How type expansion works
Hamelin constructs expanded types by combining field names from all source types. Fields with the same name get aligned into a single field in the expanded type. This lets you write queries that work across datasets with consistent field naming. As an example, consider searching across different authentication logs with varying schemas:
FROM security_logs, audit_logs, access_logs
| WHERE action = 'login' OR event_type = 'authentication'
| SELECT timestamp, user_id, source_ip, action, event_type, session_id
Each logging system has its own schema:
Security logs track authentication attempts with IP addresses:
{timestamp: timestamp, user_id: string, source_ip: string, action: string}
Audit logs capture detailed session information:
{timestamp: timestamp, user_id: string, event_type: string, session_id: string}
Access logs record basic user activity:
{timestamp: timestamp, user_id: string, source_ip: string}
The expanded result type becomes:
{
timestamp: timestamp,
user_id: string,
source_ip: string,
action: string,
event_type: string,
session_id: string
}
Rows from security_logs will have NULL for the event_type and
session_id fields. Rows from audit_logs will have NULL for the
source_ip and action fields. Rows from access_logs will have NULL for
the action, event_type, and session_id fields.
The result contains rows like:
| timestamp | user_id | source_ip | action | event_type | session_id |
|---|---|---|---|---|---|
| 2024-01-15 10:30:00 | alice.smith | 192.168.1.100 | login | NULL | NULL |
| 2024-01-15 10:31:00 | alice.smith | NULL | NULL | authentication | sess_abc123 |
| 2024-01-15 10:32:00 | alice.smith | 192.168.1.100 | NULL | NULL | NULL |
All three datasets contribute to the same timestamp and user_id fields
because they use identical field names. You can filter and select on shared
fields without knowing which source contributed each row. This lets you write a
single query to search for authentication events across all systems, even
though each system logs different fields. The expanded type accommodates all
possible fields, and you can filter on any field that exists in any source.
Nested type expansion
Type expansion works with nested structures. Hamelin expands the type hierarchy to accommodate nested fields from different sources. As an example, consider combining user data from different systems:
FROM user_profiles, account_settings
| SELECT user.name, user.email, user.preferences
Each system has its own nested user structure:
User profiles contain basic identity information:
{user: {name: string, email: string}}
Account settings store user preferences:
{user: {preferences: string}}
The expanded result type becomes:
{user: {name: string, email: string, preferences: string}}
This means you can access user.name from profile data and user.preferences
from settings data in the same query, even though the original sources have
different nested structures.
Hamelin maintains stable field ordering when merging nested structures.
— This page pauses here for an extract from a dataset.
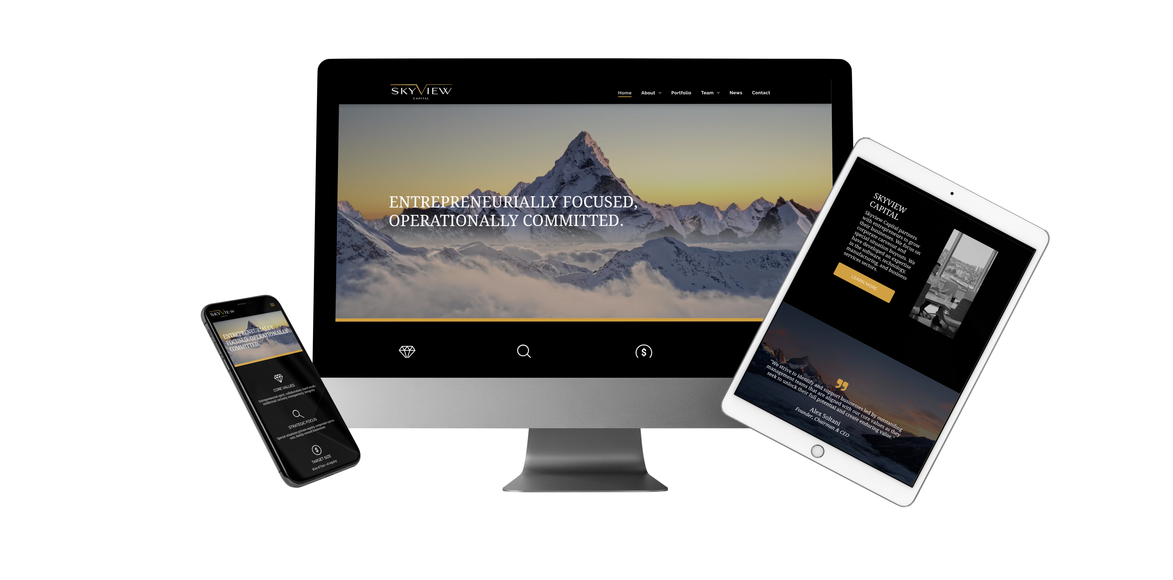 Skyview Capital's redesigned website reflects their stature in the investment industry, with a sophisticated and intuitive design that showcases their portfolio and investment philosophy.

Fields from the first source appear first, then fields from the second source are added in their original order. This consistent ordering means you can rely on the structure of expanded types being predictable across queries.
Array literal expansion
Type expansion also happens when you create array literals containing struct
types with different schemas. Just like FROM clauses, Hamelin creates an
expanded type that accommodates all fields from every struct in the array. As
an example, consider creating an array mixing user records with different
available fields:
SET mixed_users = [
{name: 'Alice', age: 30, department: 'Engineering'},
{name: 'Bob', email: '[email protected]', age: 25},
{name: 'Carol', email: '[email protected]', department: 'Sales'}
]
Each struct has its own schema:
The first user record has name, age, and department:
{name: string, age: number, department: string}
The second user record has name, email, and age:
{name: string, email: string, age: number}
The third user record has name, email, and department:
{name: string, email: string, department: string}
The expanded array type becomes:
[{name: string, age: number, department: string, email: string}]
Each element gets NULL values for missing fields. The first element has
NULL for email. The second element has NULL for department. The third
element has NULL for age. This lets you create arrays from structs with
different schemas while maintaining type consistency across all elements.
You can then query the expanded array just like any other dataset:
SET mixed_users = [
{name: 'Alice', age: 30, department: 'Engineering'},
{name: 'Bob', email: '[email protected]', age: 25},
{name: 'Carol', email: '[email protected]', department: 'Sales'}
]
| UNNEST mixed_users
The query works across all elements regardless of which fields were originally
present in each struct. Missing fields appear as NULL in the results, just
like with FROM clause expansion.
The results would be:
| name | age | department | |
|---|---|---|---|
| Alice | 30 | Engineering | NULL |
| Bob | 25 | NULL | [email protected] |
| Carol | NULL | Sales | [email protected] |